### TASK OBJECTIVE
Records follow. Print exactly the lines from the one that has "Walls: Gingerbread covered" through the one that has "伝説のあだ名 | 『古文書に記された吟遊詩人なななななななたろう』 |", inclusive, and omit the pictures.
== Segment start ==
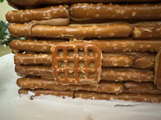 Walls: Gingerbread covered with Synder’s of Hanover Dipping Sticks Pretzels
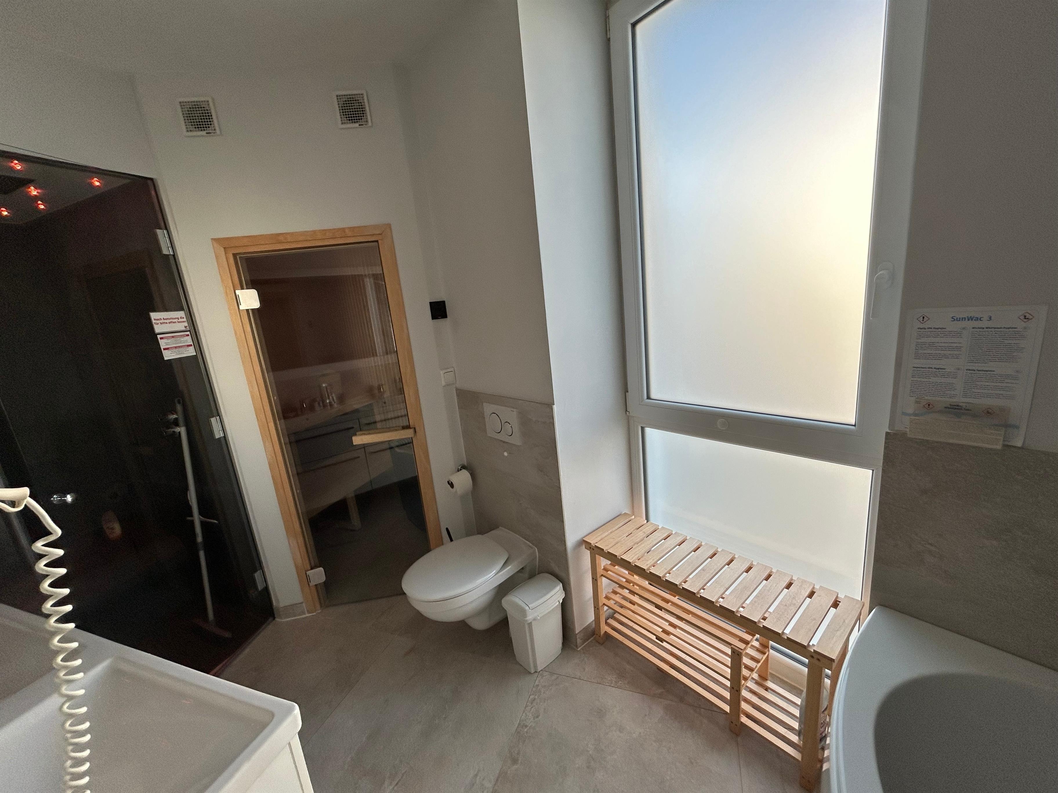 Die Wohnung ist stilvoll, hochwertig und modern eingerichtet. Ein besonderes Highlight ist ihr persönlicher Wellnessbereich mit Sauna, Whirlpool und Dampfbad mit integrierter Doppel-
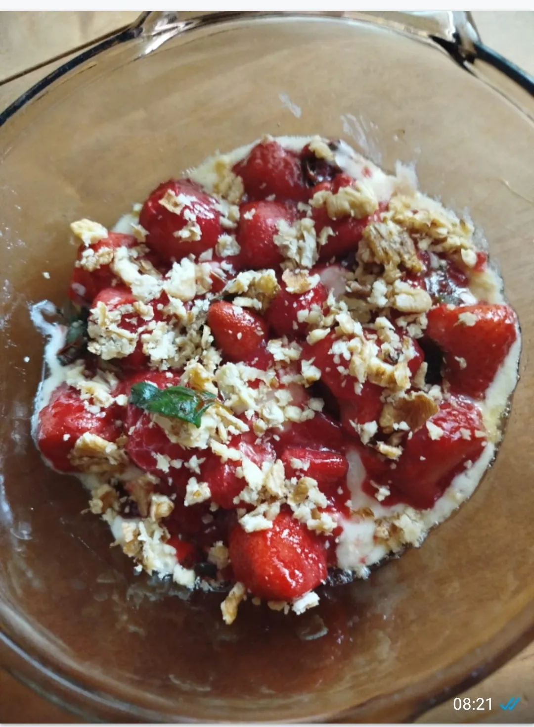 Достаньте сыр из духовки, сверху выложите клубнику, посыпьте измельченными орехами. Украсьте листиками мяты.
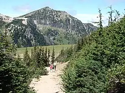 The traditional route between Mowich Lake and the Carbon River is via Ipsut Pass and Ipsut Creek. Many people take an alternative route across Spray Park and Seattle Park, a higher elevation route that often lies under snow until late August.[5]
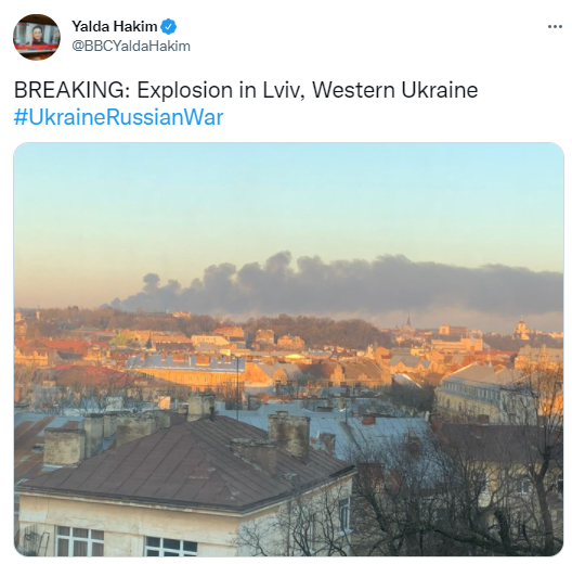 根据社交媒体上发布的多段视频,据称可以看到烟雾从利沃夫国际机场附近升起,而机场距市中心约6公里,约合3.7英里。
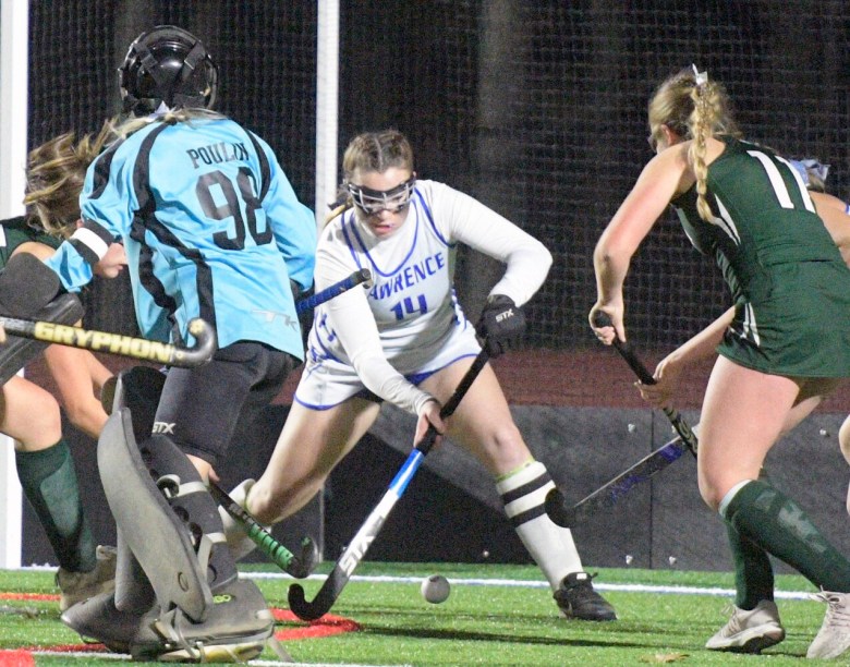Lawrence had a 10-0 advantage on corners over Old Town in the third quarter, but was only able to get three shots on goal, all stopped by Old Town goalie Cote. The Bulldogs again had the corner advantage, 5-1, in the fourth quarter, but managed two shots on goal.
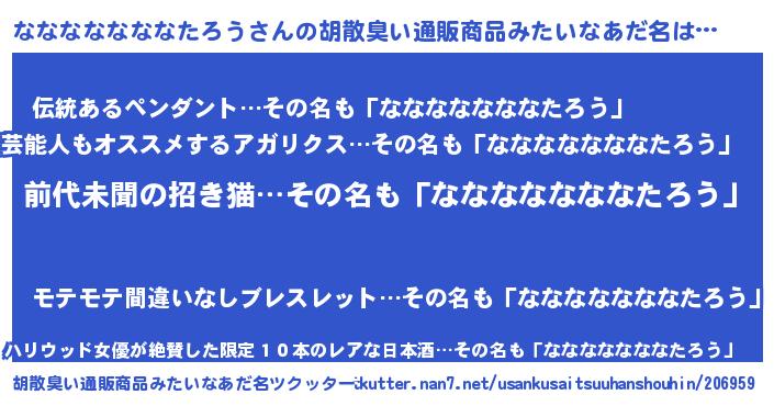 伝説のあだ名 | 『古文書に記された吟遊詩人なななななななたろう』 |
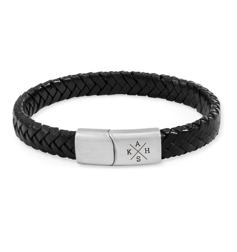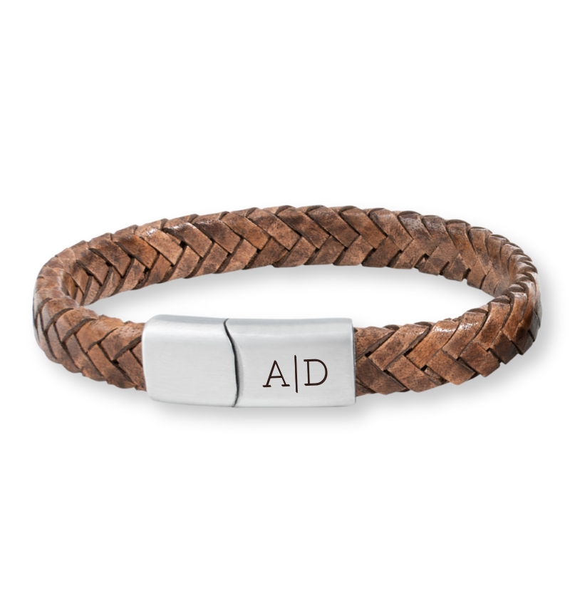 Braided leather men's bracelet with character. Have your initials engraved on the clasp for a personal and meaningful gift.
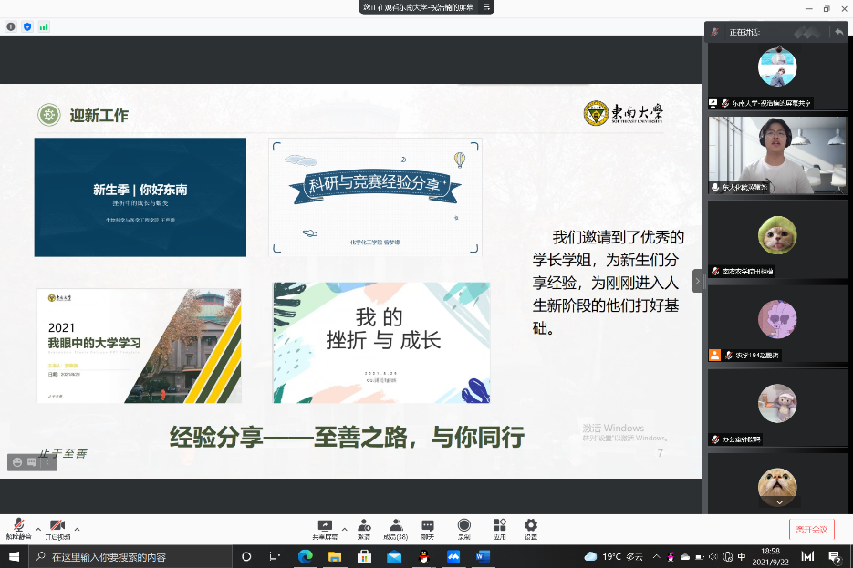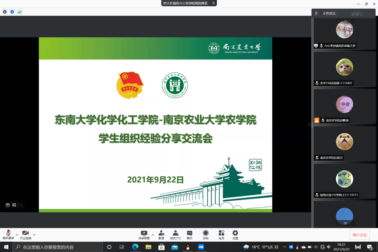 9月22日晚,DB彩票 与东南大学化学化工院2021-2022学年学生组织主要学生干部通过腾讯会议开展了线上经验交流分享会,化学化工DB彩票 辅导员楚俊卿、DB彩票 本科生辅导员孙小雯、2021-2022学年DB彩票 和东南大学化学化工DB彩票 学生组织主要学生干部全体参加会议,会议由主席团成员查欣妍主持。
== Segment end ==
== Segment start ==
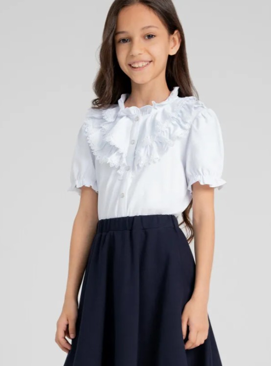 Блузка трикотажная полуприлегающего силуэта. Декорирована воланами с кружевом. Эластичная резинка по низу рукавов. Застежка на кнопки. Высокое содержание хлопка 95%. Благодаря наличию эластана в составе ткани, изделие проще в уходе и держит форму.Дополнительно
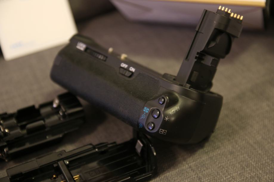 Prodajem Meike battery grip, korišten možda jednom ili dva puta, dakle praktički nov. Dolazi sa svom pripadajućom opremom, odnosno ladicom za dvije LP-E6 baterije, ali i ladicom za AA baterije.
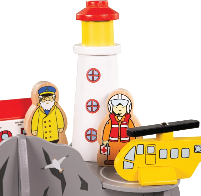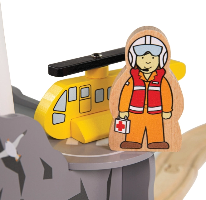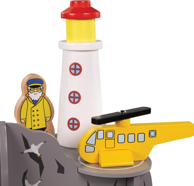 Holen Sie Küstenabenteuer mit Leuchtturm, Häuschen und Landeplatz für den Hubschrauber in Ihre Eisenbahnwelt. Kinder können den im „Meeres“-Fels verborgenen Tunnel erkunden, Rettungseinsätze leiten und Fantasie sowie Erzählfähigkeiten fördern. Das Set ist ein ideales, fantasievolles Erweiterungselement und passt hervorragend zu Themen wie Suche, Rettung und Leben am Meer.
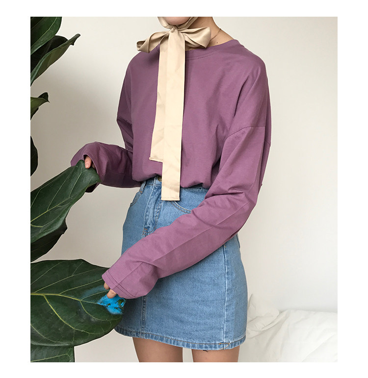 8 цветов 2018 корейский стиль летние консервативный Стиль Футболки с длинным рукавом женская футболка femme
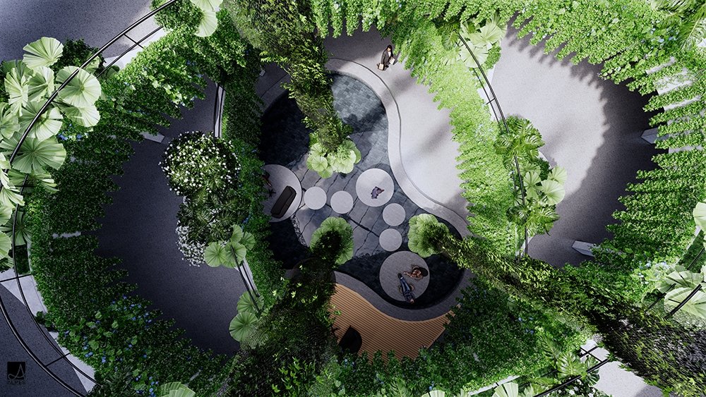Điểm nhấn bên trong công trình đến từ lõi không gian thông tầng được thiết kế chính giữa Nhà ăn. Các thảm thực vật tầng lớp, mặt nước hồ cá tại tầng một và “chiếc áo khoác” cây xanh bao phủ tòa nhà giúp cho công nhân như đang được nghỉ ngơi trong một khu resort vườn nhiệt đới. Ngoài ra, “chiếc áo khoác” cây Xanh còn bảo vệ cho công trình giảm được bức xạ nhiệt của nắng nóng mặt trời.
== Segment end ==
### EXPECTED ANSWER
 Walls: Gingerbread covered with Synder’s of Hanover Dipping Sticks Pretzels
 Die Wohnung ist stilvoll, hochwertig und modern eingerichtet. Ein besonderes Highlight ist ihr persönlicher Wellnessbereich mit Sauna, Whirlpool und Dampfbad mit integrierter Doppel-
 Достаньте сыр из духовки, сверху выложите клубнику, посыпьте измельченными орехами. Украсьте листиками мяты.
 The traditional route between Mowich Lake and the Carbon River is via Ipsut Pass and Ipsut Creek. Many people take an alternative route across Spray Park and Seattle Park, a higher elevation route that often lies under snow until late August.[5]
 根据社交媒体上发布的多段视频,据称可以看到烟雾从利沃夫国际机场附近升起,而机场距市中心约6公里,约合3.7英里。
Lawrence had a 10-0 advantage on corners over Old Town in the third quarter, but was only able to get three shots on goal, all stopped by Old Town goalie Cote. The Bulldogs again had the corner advantage, 5-1, in the fourth quarter, but managed two shots on goal.
 伝説のあだ名 | 『古文書に記された吟遊詩人なななななななたろう』 |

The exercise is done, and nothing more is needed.